# Romance, Religion and Loneliness



## Justice44 (Apr 5, 2010)

Religion and romance are often cultural instruments that are used to cure loneliness and establish a purpose in life. People fear if they fail to have at least one of these things, they will suffer some type of intangible loneliness. Many people strongly believe that strong platonic relationships are not enough to eliminate loneliness. A solid romantic relationship is the only way to avoid the pain of being lonely. In addition, many people contend that atheists also suffer from intangible loneliness even if they have strong romantic, platonic and family relationships. What is this intangible loneliness that romance and religion resolves? 

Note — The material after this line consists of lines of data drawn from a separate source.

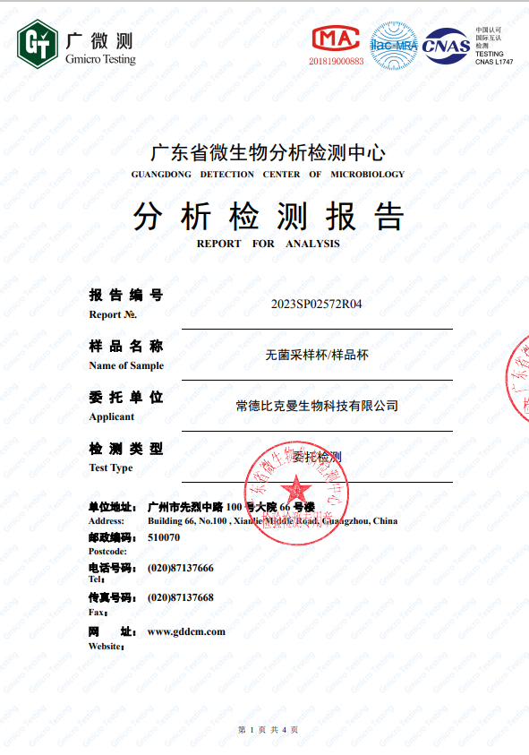第三方報(bào)告 2023SP02572R04-無菌采樣杯樣品杯20230310
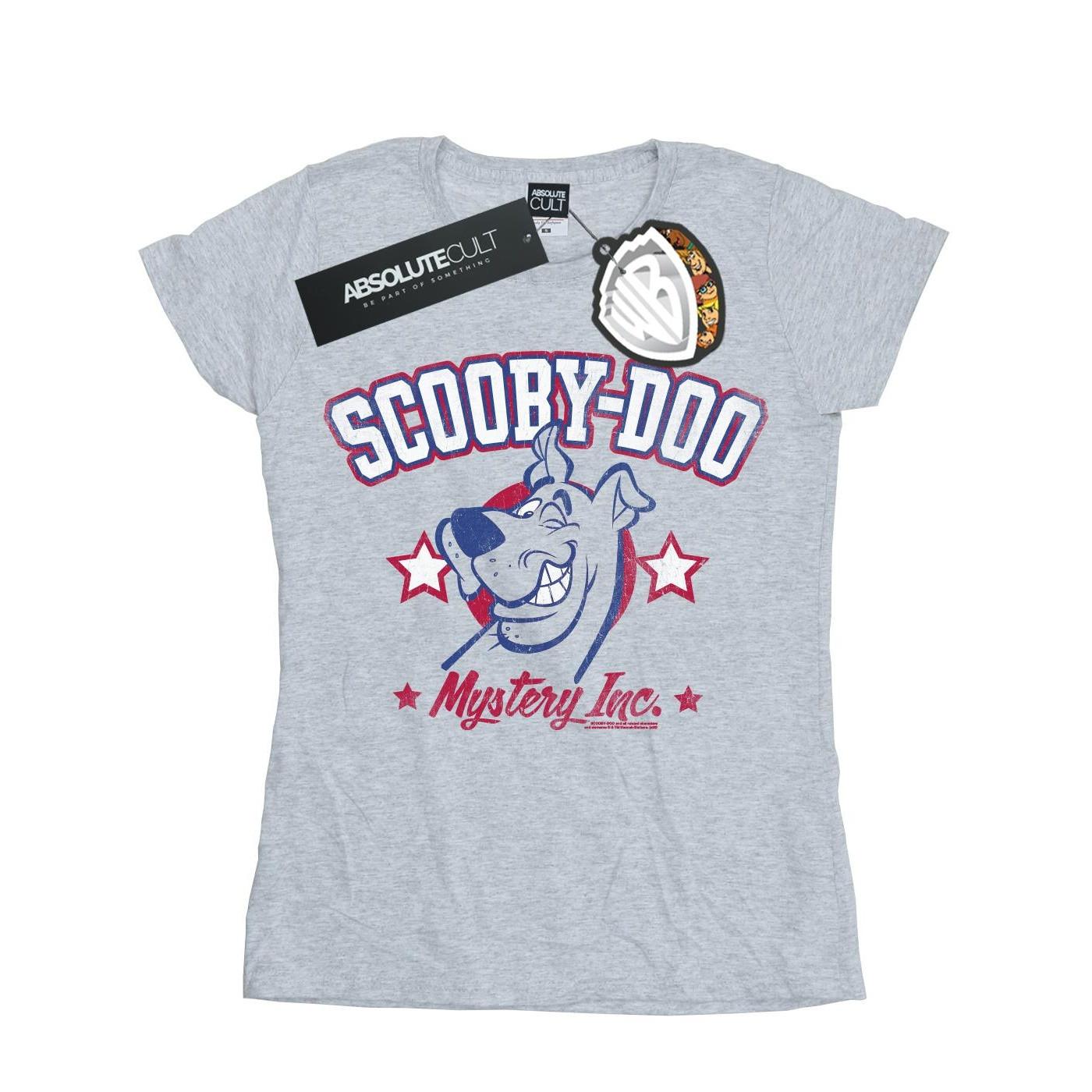 Questa T-shirt Collegiate presenta un classico girocollo e maniche corte, offrendo una vestibilità comoda e casuale. Il design mostra una grafica in stile invecchiato di Scooby-Doo con il testo "SCOOBY-DOO" e "Mystery Inc.", circondato da stelle, conferendogli un look universitario vintage.
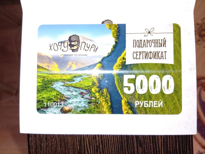 Сертификат в ресторан "Хочу Пури" от Розыгрыш в местной группе ВК
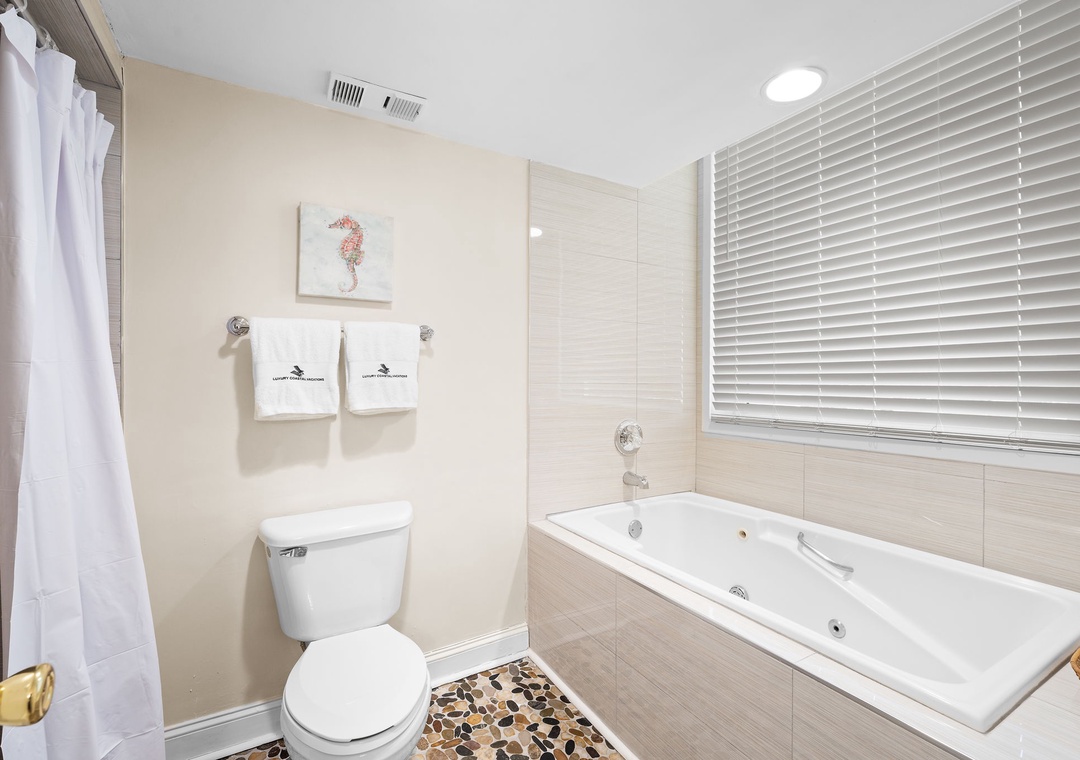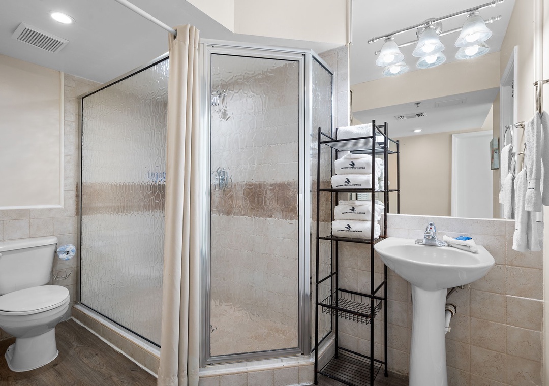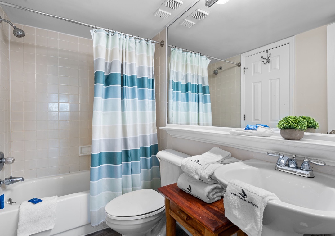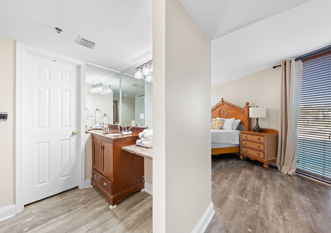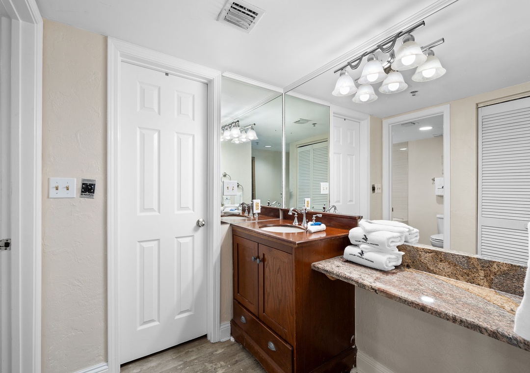 Inside, the master suite boasts a king bed with luxurious linens, a premium mattress, and an attached bath. The second bedroom also offers a king bed with its own en-suite bathroom, while the third bedroom includes a queen bed and private bathroom access. The living room features a queen sleeper sofa as well as an additional oversized sofa that can comfortably sleep extra guests. The open-concept floor plan provides plenty of space for large families or multiple families traveling together.
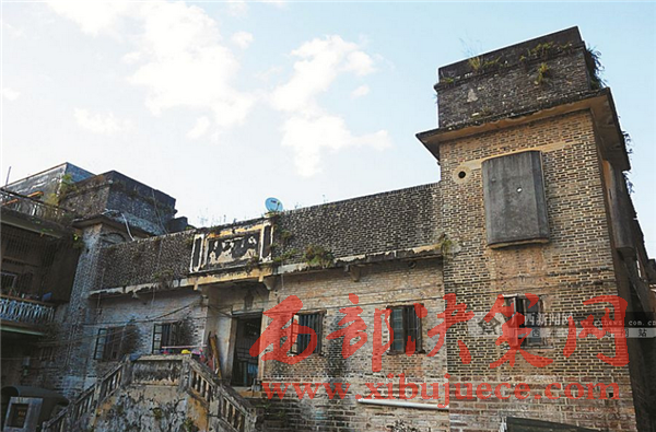 在教育路第一小學對面一座大院里,果然立著一棟形如圍屋的方形磚樓,氣派的門樓,圍墻四角高聳的碉樓,均顯示著主人當年顯赫的身世。
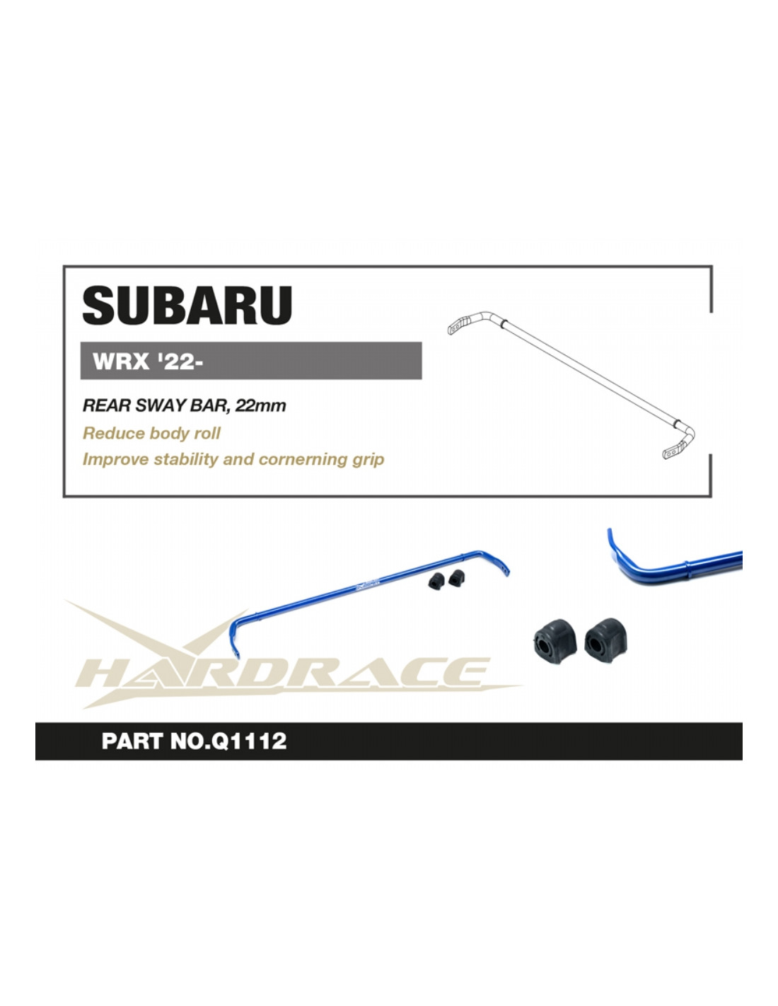 Barra stabilizzatrice Hardrace per Subaru WRX. Ideale per migliorare la precisione di guida, la stabilità dell'assetto e la risposta dello sterzo. Caratteristiche dal produttore : - 22 mm 2-Way Adjustable 3 PCS/SET
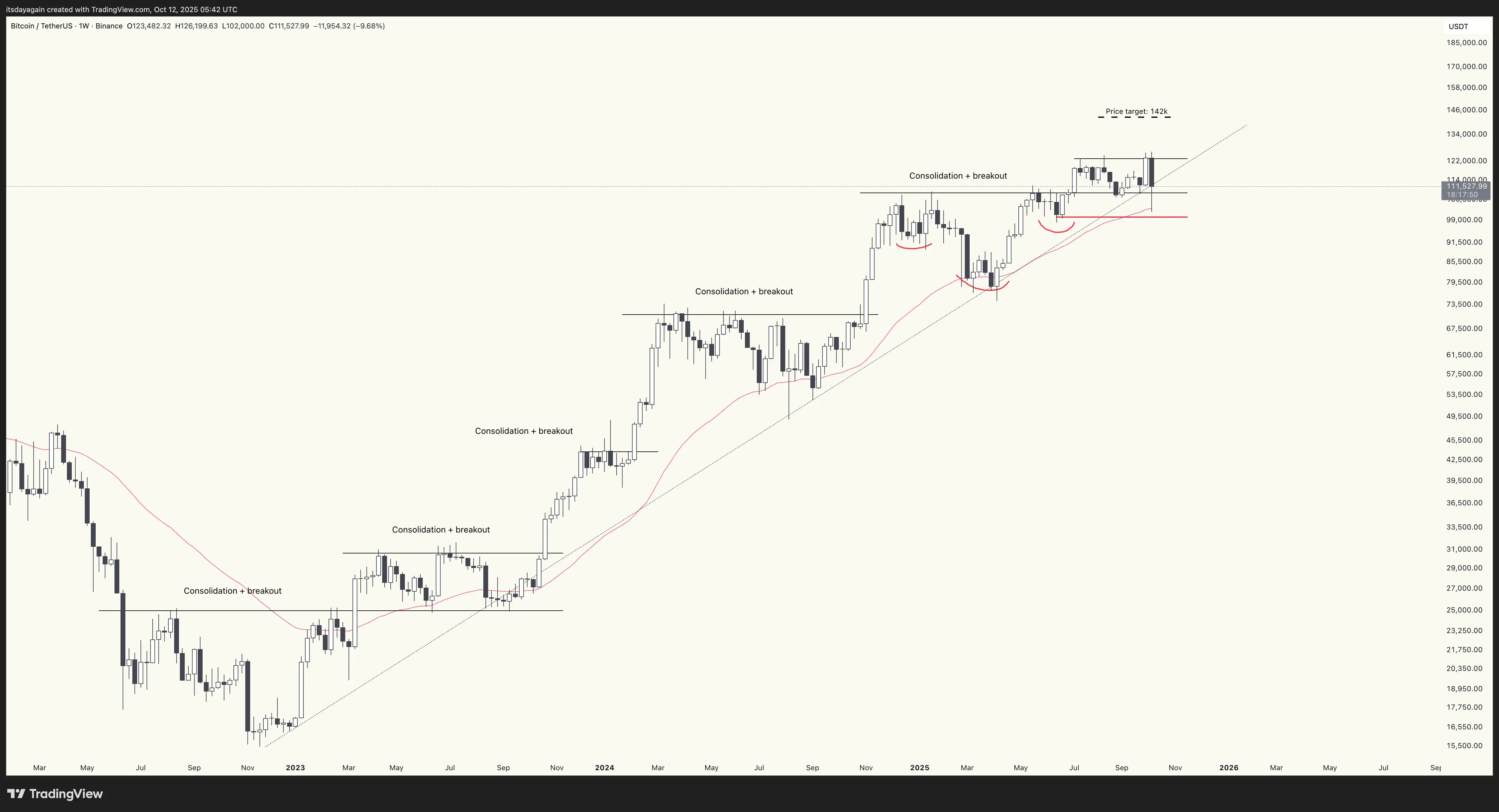 Despite the chaos, BTC held up relatively well. On some exchanges it dipped all the way down to $100k, but then soon recovered up above the old support level at $109k. The week has not closed yet, but it looks likely it will close above $109k, with the support level intact, and the price target of $142k remaining for yet another week. As dramatic as Friday was, the bitcoin chart still holds up.

The second cherished axiom of romance and religion is that it makes you “complete.” What does being “complete” mean? If anyone can provide any insight concerning any of these questions, it would be greatly appreciated.
Note: I am using the word romance in the following context:
Being in love and/or loving someone in the romantic sense.


----------



## mike1 (Jun 15, 2009)

If you are a Christian and believer in God it's very simple. We are created by God and instinctively know that we are created. Just as we know a watch we see lying on the beach was created by something intelligent, we know that us, being infinitely more complex then a watch were also created. We are created by God and naturally want to be close to that creator just as we want to be close to our parents. Understanding and knowing that there is a purpose in life that means something, that there is something else brings meaning and a completeness to ones life that simply isn't obtainable any other way. 

Romantic relationships are directly related to this. God created man and woman to be with each other. He created Eve from the very flesh and bone of Adam, and for that reason, the Bible says, Adam called her woman, and, for that reason a man is to leave mother and father and be united to his wife to become one flesh. In order to be one we want/need/crave to be with our wives or husbands. 

Feeling complete is exactly how it sounds. Or perhaps it's easier to explain what how you feel when you're not complete. You feel empty or like there is a hole in your life. Perhaps life doesn't have the meaning you think it should and you keep searching for something. Feeling complete is the absence of this hole, you aren't searching for meaning because you have it. 

enough rambling, just my $0.02


----------



## Deejo (May 20, 2008)

I see it even more simply, and I will posit it using atheism.

We are inherently programmed to seek that which gives us pleasure and avoid that which causes us pain.

If one associates pleasure with the social reinforcement of being accepted and nurtured by a partner, group, organization or faith, then that becomes part of the social matrix that contributes to your sense of well being and you continue to pursue any or all of those interactions.

If in turn you associate pain with the above, by being ostracized, bullied, rejected, manipulated, betrayed or abused, then you end up with a different social matrix that stresses avoidance as a coping mechanism, or at worst, an aberrant social matrix that translates into the pursuit of experiencing or inflicting rejection, manipulation, betrayal and abuse.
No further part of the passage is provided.